Finch in Somerville
Finch Ward (2024) is a second year French and Linguistics student whose academic background and exceptional performance in Prelims just earned him a life-changing Michael Bishop Foundation Thatcher Scholarship.
I grew up near Land’s End, overlooking the seas said to bury the lost kingdom of Lyonesse. And yet the Cornwall where I grew up was not only a place of ancient stories and rugged beauty, but of rural marginalisation and chronic educational under-funding. Working hard at school and as a lifeguard every summer, I never had time to think about the old stories, or how the languages that brought them into my everyday reality.
All that started to change when I came across linguistics, initially through a school project led by a PhD student researching the death of the Cornish language. At the time, I didn’t know what linguistics was, and only felt intuitively that, somehow, this was important. My interest in languages bubbled under the surface until years later in French class, where I became fascinated by how cognates like castle and château had come to be pronounced so differently, despite their common origin. From there, I ended up down one internet rabbit hole after the next, leading me to historical linguistics and phonetics, and the realisation that linguistics was what I wanted to do.
As a Thatcher Scholar, I can pursue my curiousity to its end
Finch Ward
Now I’m able to study the subject properly at Somerville, historical linguistics and phonetics remain two of my favourite branches. Since coming here, I’ve met speakers of Welsh, Irish and other Celtic languages, and have also loved studying the idiosyncrasies of these languages in seminars and tutorials, from consonant mutations to the lack of a specific verb for ‘have’ across most Celtic languages. For example, the phrase ‘I have a cat’ is rendered yma kath dhymm in Cornish – literally ‘there is a cat to me’.
All this has made me reconnect with my Cornish roots. In Cornwall, the Celtic language can sometimes seem very far away. The last native speaker is said to be Dolly Pentreath, who died in 1777. Growing up, the only exposure I had to Cornish was the Kernow a’gas dynergh sign welcoming you back into the county. However, finding out more about the other Celtic languages fills me with hope that this does not have to be the universal fate for languages under threat. I’m even planning on learning Cornish itself, and am excited to see how much I’ll be able to converse with my Celtic-speaking friends.

Finch lifeguarding at Porthcurno Beach
As I learn more about linguistics, it becomes increasingly obvious how imperative it is that we protect the world’s endangered languages: of the roughly 7,159 languages in the world, around 3,193 are at risk. Indeed, in 1992, the linguist Michael Krauss warned that if we do not reassess our priorities, linguistics will go down in history as the only science that let 90% of its field disappear under its nose. My studies have already taught me so much about the value of all language varieties, and I now want to do everything I can to turn the tide on mass language extinction.
For goals like this, the Michael Bishop Margaret Thatcher Scholarship is life-changing; it will mean I can go on to further study debt-free and pursue my dream to be a linguist.

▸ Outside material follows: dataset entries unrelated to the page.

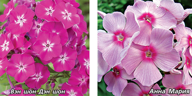 Следующая группа по выразитель-ности - розовые флоксы. Здесь два ва-рианта: сочетается нежно-розовый тон лепестков с более темным колечком; либо ярко-розовые лепестки с белой звездочкой или глазком. Это сорта Ав-густин, Народный, Радомир, Россиянка, Сказка, Юннат, Анна Мария, Милый Друг, Уральские Сказы, Фламинго, Розовая мечта, Мисс Пеппер (Miss Pepper), Alexandra (Александра), Bright Eyes (Брайт Айс), Baby Face (Беби Фейс) и др.
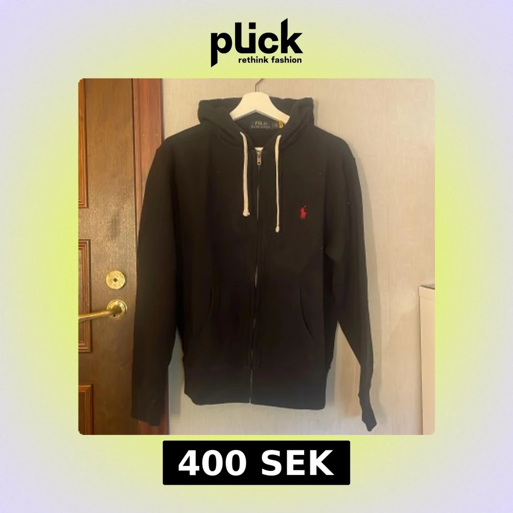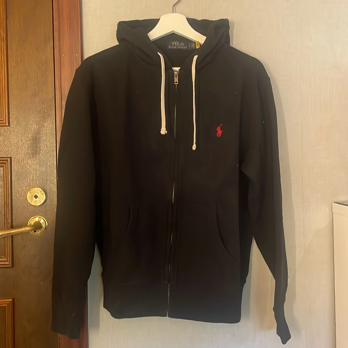 Svart Zip hoodie från Polo Ralph Lauren med vit snörning i huvan och röd broderad logga på bröstet. Dragkedja framtill, två fickor och mjukt material som känns skönt mot huden.
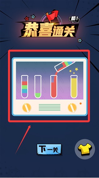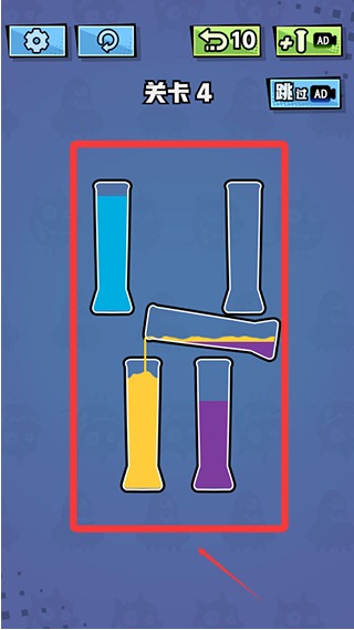 3、所有相同颜色的液体都在同一玻璃杯中,即可过关。
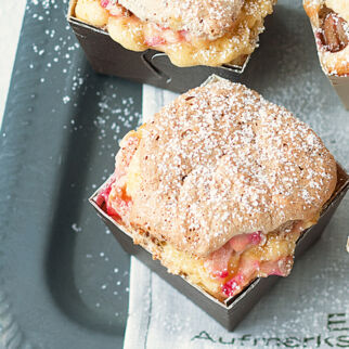 Für den Belag den Rhabarber waschen, putzen und schräg in 2 cm breite Stücke schneiden. Mit 60 g Rohrzucker mischen. Die Beeren putzen, Erdbeeren abbrausen und vierteln. Die Crème fraîche mit den Eigelben, dem Vanillezucker und dem Bindemittel glatt verrühren.
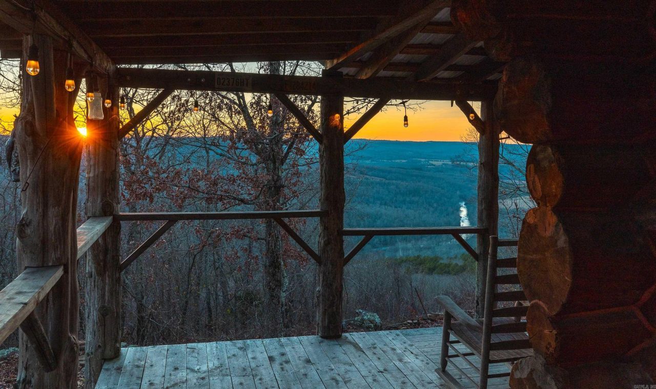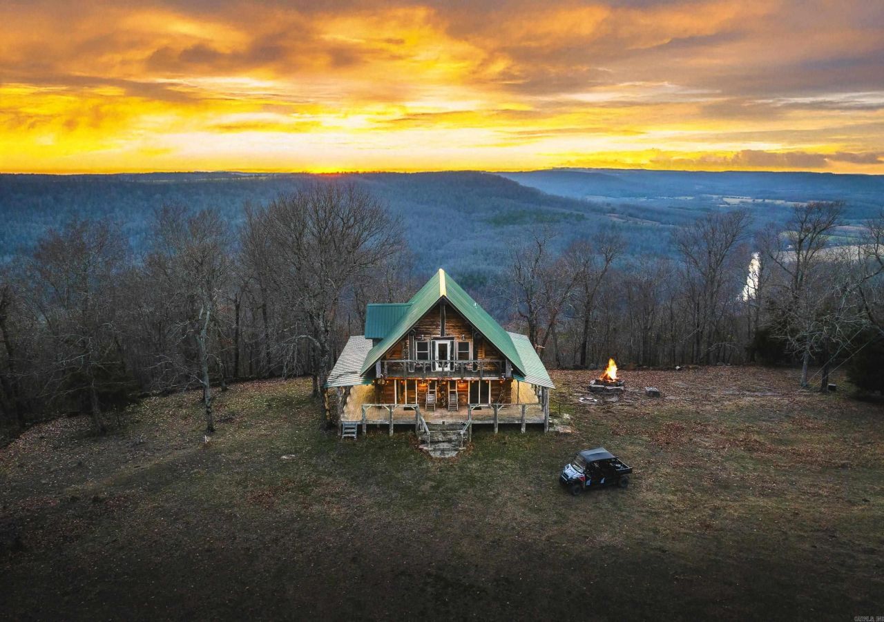 Stunning 167-acre property featuring a gorgeous log cabin with Douglas fir logs and red cedar interior walls and floors, 1 bed, 2 bath. Huge stone staircase, a stone fire pit, and a full wrap-around porch with breathtaking sunrise views across the 30-acre mountain top pasture known as Henderson Point. This pasture is right at a 1/2 mile long and was formerly a private airstrip. The back porch offers world-class sunset views over the middle fork of the Little Red River and the remainder of the property. Two stocked ponds with bass and bluegill, hunting opportunities for deer, turkey, and bear. Appliances stay. Some furniture and decor is slightly different than whatâ??s pictured. 20-foot tall bluff. Plenty of room to build your dream home, plane hangar, or shop with the same stunning sunset views. Cabin is on rural water. Fiber internet is available.

In this career, I could work with local communities to preserve endangered languages, or study the effects of language policy on minority or marginalised languages, particularly in France, where the belief that every citizen should speak one homogenous language is unusually prevalent. This is to the detriment of the country’s minority and regional varieties, which until very recently were actively persecuted.
Breton is a fascinating example of this linguistic marginalisation. Today, Breton is the only Celtic language not officially recognised by a national government. And yet, Breton has a unique status as an Insular Celtic language, unrelated to the Celtic languages found across Europe before the Roman conquest. Instead, it shared a common ancestor with Cornish and Welsh which was spoken in parts of Britain until the fifth century CE, when the Bretons migrated to modern-day France. For as long as Cornish was a living language, fishermen from both regions could have happily conversed together.
This summer I hope to go to Brittany to hear from locals and understand the far-reaching effects of the French government’s policy towards their language. I’m particularly interested in the ‘gap in transmission’, whereby the new generation of Breton schoolchildren speak markedly differently from their native-speaker great grandparents, as the generations between had much less fluency. I hope to use what I learn about Breton in my future studies, and eventually work on protecting marginalised languages and dialects around the world.
Receiving the Michael Bishop Foundation Margaret Thatcher Scholarship has made globe-spanning plans like this possible, and I am extremely thankful to Lord Glendonbrook for his generosity. I will no longer have to work all summer, but can instead pursue my curiosity to its end.